Что тебе снится, лобастый подросток,
Сороковой, метр семьдесят два?
Бьётся под веками, крутится, рыщет
В тающей памяти… Мам, не читай! —
В четверти тройка, вода, костровище,
Девочка Катя, Хабаровский край.
***
Птичка из книги раскрытой зерно
Истины — хвать.
Всех в этом доме волнует одно:
Как перестать?
Но до чего же ты ловкая дрянь,
Птичка чинарь!
Птичка, ой всё говорю, перестань,
Не начинай.
***
Я наигралась, довольно. Икон не рисую — не с кого.
В небо с бегущей строкой дыхания — ни вопроса я.
Но у меня на тебя обида такая детская.
Но у меня по тебе тоска нестерпимо взрослая.
Энтузиазм похоронен, а после распят и выпорот.
Слушая хриплую песню победы соичью,
Я захотела, чтобы, как в детском стишке, навыворот,
Переменить рокировкой досаду с горечью.
Прямо ходить отвыкая, в потёмках ползая,
До волдырей обожгла слова, торопясь согреться, я,
Чтобы обида взяла за горло больная, взрослая.
Вот и тоска по тебе пришла безнадёжно детская.
***
Вот слог, а вот порог, отметка невозврата,
Вскочил, ноотропил всухую зажевал,
Я бегаю по рок-н-ролльному квадрату,
Я с детства не любил священный твой овал.

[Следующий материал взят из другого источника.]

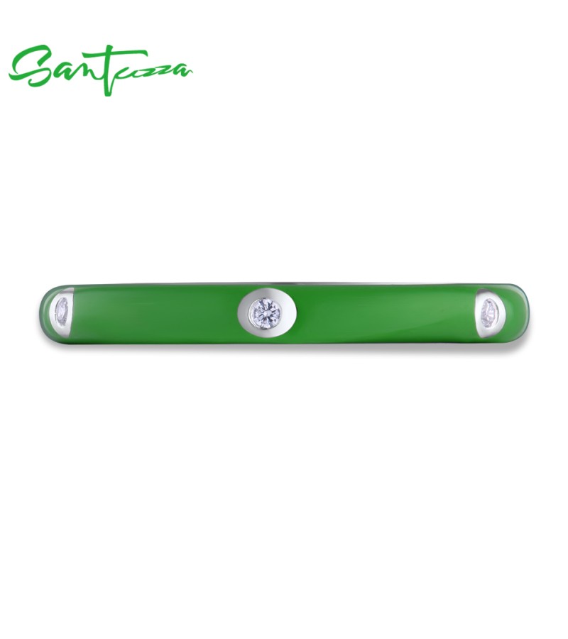 SANTUZZA 925 Sterling Silver White Cubic Zirconia Stackable Ring Jewelry Green Enamel - US 6.5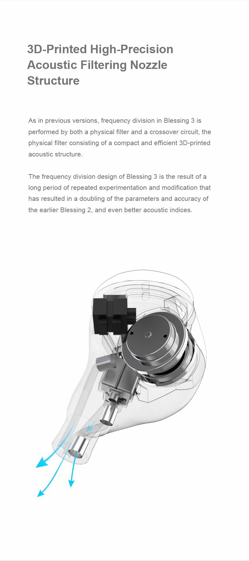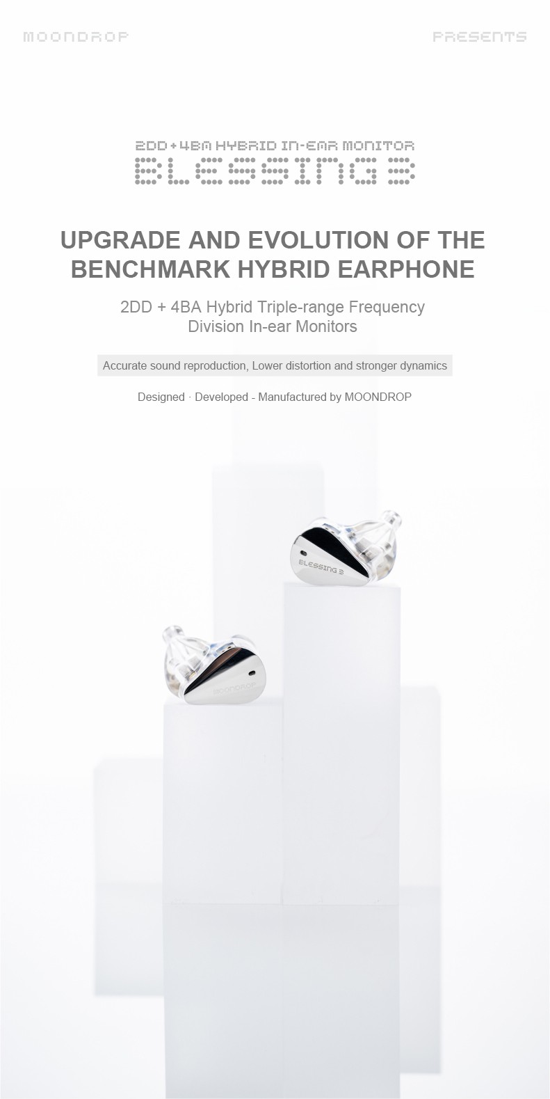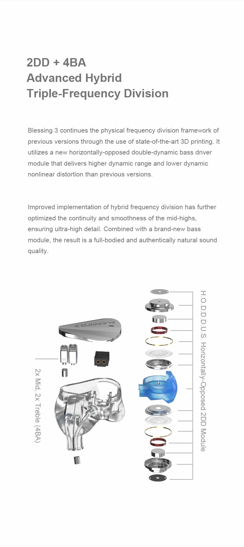 2. Blessing 3 utilizes a new horizontally-opposed double-dynamic bass driver module that delivers higher dynamic range and lower dynamic nonlinear distortion than previous versions.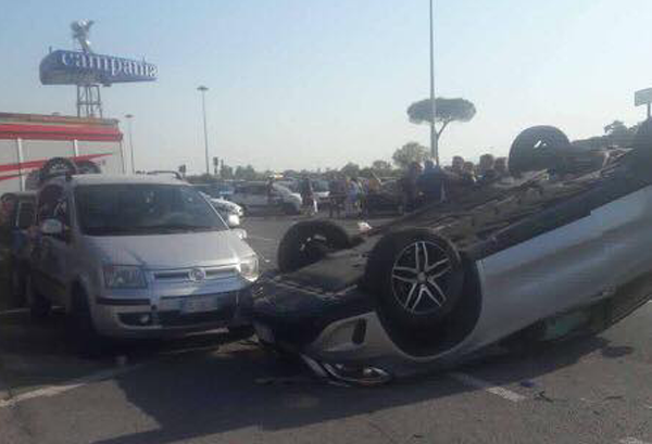 Pochi istanti fa si è verificato un incidente nel Centro Commerciale Campania di Marcianise. Due auto, infatti, si sono ribaltate nel parcheggio del centro commerciale: una Lancia Y di colore bianco ed una Mercedes di colore grigio.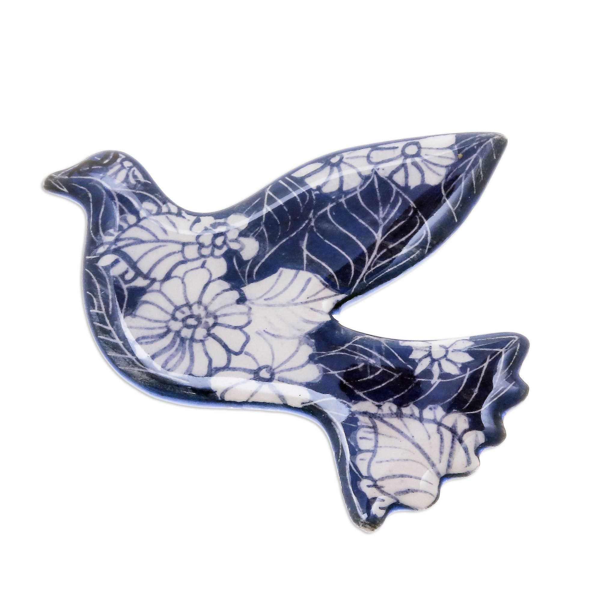 Blue Floral Ceramic Dove Brooch from Thailand, 'Midnight Dove'

Товарищ мой обмяк в сомнении тяжёлом
О пуделе хромом с данайцами внутри,
А я забрал коньяк и вышел за глаголом,
И мы пошли домой, бодая фонари.
Танцуем, пренебречь! Страна асфальт простёрла
Обильно, и едва теперь заговорю,
Но, как простуда, речь моё щекочет горло,
И я плюю слова под ноги ноябрю.
***
Лейся, песня, в пасть Ваала,
Не прольётся ни хрена,
Рифмовать кого попало
Посылает нас страна.
И хоть в рифме ничего нет,
Чует каждый рифмоплёт,
Что страна его догонит
И ещё разок пошлёт!
***
На каминг-аут, видимо, не потянет,
На повесть — вряд ли, максимум на сонет:
Святого ну ничегошеньки у меня нет,
Стыда у меня и совести тоже нет.
Казалось бы, тут живи и не беспокойся,
Танцуй от печки и слушай кимвалов медь,
Но как при таких роскошных душевных свойствах
Ума и денег вышло не заиметь?
***
Медный, ещё рыжее, огонь. Genug.
Жила дрожит на шее, проводит звук,
С той стороны аорты — разъём «тюльпан».
Ясно, что гордый, видно же. По шипам,
В волосы, на затылке и у виска
Впутавшимся неслышно, исподтишка.
Раннее синее утро везёт тягач.
Струнами линии электропередач.
Родина вышла, кутая сон в платок.
В воздухе слышно, как раздаётся ток.
Грифы столбов, фаянсовые колки.
Колкая бровь скручена из строки.
***
В русской женщине, как в палате пионерлагеря,
Спит целый отряд лирических героинь.
Пробираясь ночью через палату,
Чтобы намазать зубной пастой царевну Будур,
Бойся разбудить по дороге
Анну Каренину,
Наташу Ростову,
Маргариту Николаевну, а главное —
Марфу Посадницу
И княгиню Ольгу.
***
Полночь плещется в воде бросовой рыбёшкой,
Сыро, холодно, страшней вечера в разы,
Ангел тянется к волхвам, спящим под рогожкой,
И, жалея разбудить, смотрит на часы.
По руке бегут века, стрелок не касаясь,
Рановато знать живым, даже не святым,
Мене, мене, упарсин, мене, текел, фарес,
Взвешено, разделено, найдено пустым.
Создаётся человек, а выходит Голем,
И кого уже теперь спросишь — почему?
Инженерное меню заперто паролем,
Силикатные века падают во тьму.
Значит, мальчику пора. Но такой опасный,
Горький век, немного в нём будет светлых дней…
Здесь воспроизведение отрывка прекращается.